_Task requirements:_ For this exercise, reproduce the entries below exactly, but only from the line containing "白银阴阳烛录得聚焦明显,整体" through the line containing "10月9日,自然旗下期刊《科", both included.

Items from a data source:

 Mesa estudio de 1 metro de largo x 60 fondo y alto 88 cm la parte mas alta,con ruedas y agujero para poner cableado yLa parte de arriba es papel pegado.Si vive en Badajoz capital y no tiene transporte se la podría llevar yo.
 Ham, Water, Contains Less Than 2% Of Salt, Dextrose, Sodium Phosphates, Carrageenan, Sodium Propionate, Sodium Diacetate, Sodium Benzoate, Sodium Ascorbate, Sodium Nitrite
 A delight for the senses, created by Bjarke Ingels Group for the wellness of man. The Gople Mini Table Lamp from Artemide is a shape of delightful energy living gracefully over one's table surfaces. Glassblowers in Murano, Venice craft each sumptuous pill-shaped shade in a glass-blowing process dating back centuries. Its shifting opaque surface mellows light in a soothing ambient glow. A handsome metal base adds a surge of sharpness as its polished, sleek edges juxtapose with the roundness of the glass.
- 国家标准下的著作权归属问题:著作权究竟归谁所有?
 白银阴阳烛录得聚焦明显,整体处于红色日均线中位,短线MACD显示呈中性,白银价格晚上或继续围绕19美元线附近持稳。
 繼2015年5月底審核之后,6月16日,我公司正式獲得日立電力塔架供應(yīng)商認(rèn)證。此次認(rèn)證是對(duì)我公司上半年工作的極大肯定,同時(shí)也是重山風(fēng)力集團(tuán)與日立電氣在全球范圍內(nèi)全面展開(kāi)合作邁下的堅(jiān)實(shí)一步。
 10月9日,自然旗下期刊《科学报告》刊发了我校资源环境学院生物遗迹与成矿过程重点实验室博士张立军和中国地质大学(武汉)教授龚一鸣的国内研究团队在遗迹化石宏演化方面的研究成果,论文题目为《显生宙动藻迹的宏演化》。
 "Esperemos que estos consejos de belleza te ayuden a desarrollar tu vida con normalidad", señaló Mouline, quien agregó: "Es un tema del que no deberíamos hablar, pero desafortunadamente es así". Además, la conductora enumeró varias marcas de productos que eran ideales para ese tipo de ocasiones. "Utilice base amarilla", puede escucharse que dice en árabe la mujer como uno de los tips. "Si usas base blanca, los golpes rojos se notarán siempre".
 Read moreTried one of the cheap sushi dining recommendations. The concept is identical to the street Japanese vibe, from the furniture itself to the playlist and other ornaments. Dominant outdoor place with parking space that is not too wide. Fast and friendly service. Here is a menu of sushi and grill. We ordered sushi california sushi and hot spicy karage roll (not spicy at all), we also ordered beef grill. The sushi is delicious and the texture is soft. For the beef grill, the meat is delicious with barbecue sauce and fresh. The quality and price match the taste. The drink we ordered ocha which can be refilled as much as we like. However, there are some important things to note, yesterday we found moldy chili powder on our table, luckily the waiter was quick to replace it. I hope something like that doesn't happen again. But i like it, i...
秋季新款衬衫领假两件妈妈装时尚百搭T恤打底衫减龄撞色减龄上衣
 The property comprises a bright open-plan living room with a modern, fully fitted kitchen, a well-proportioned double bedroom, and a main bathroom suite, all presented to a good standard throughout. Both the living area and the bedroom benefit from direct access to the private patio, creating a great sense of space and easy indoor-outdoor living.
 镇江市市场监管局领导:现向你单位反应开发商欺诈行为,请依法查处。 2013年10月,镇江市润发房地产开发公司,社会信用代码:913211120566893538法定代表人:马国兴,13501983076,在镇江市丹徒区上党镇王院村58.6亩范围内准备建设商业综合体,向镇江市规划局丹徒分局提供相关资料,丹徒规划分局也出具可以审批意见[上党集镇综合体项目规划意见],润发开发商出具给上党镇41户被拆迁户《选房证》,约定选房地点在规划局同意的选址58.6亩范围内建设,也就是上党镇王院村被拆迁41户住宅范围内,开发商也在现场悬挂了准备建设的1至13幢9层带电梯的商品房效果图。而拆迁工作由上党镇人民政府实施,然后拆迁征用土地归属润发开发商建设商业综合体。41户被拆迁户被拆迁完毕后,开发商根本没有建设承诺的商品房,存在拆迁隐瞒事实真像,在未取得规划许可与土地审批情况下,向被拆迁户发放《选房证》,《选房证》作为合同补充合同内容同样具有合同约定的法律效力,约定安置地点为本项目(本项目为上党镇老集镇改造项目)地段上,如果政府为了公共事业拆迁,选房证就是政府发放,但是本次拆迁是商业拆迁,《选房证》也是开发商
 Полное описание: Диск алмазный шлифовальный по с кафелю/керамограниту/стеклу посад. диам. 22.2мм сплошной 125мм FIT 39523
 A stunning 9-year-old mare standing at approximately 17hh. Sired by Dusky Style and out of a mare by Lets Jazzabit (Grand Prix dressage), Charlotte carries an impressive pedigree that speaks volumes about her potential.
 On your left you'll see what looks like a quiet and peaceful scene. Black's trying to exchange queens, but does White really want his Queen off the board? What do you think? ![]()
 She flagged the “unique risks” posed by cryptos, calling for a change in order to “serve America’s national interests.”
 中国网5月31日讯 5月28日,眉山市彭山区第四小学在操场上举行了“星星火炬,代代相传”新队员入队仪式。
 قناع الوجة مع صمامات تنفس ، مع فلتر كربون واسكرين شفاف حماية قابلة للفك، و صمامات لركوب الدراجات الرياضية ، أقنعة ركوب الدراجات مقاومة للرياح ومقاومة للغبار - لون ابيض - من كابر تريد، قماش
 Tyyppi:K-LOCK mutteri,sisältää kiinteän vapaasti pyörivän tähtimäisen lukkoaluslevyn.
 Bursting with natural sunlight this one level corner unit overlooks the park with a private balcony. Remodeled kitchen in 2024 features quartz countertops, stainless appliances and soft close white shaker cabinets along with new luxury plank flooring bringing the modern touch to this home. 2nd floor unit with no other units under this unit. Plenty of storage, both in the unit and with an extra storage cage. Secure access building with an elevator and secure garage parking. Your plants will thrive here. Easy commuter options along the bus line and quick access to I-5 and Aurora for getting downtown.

_Solution to this problem:_
 白银阴阳烛录得聚焦明显,整体处于红色日均线中位,短线MACD显示呈中性,白银价格晚上或继续围绕19美元线附近持稳。
 繼2015年5月底審核之后,6月16日,我公司正式獲得日立電力塔架供應(yīng)商認(rèn)證。此次認(rèn)證是對(duì)我公司上半年工作的極大肯定,同時(shí)也是重山風(fēng)力集團(tuán)與日立電氣在全球范圍內(nèi)全面展開(kāi)合作邁下的堅(jiān)實(shí)一步。
 10月9日,自然旗下期刊《科学报告》刊发了我校资源环境学院生物遗迹与成矿过程重点实验室博士张立军和中国地质大学(武汉)教授龚一鸣的国内研究团队在遗迹化石宏演化方面的研究成果,论文题目为《显生宙动藻迹的宏演化》。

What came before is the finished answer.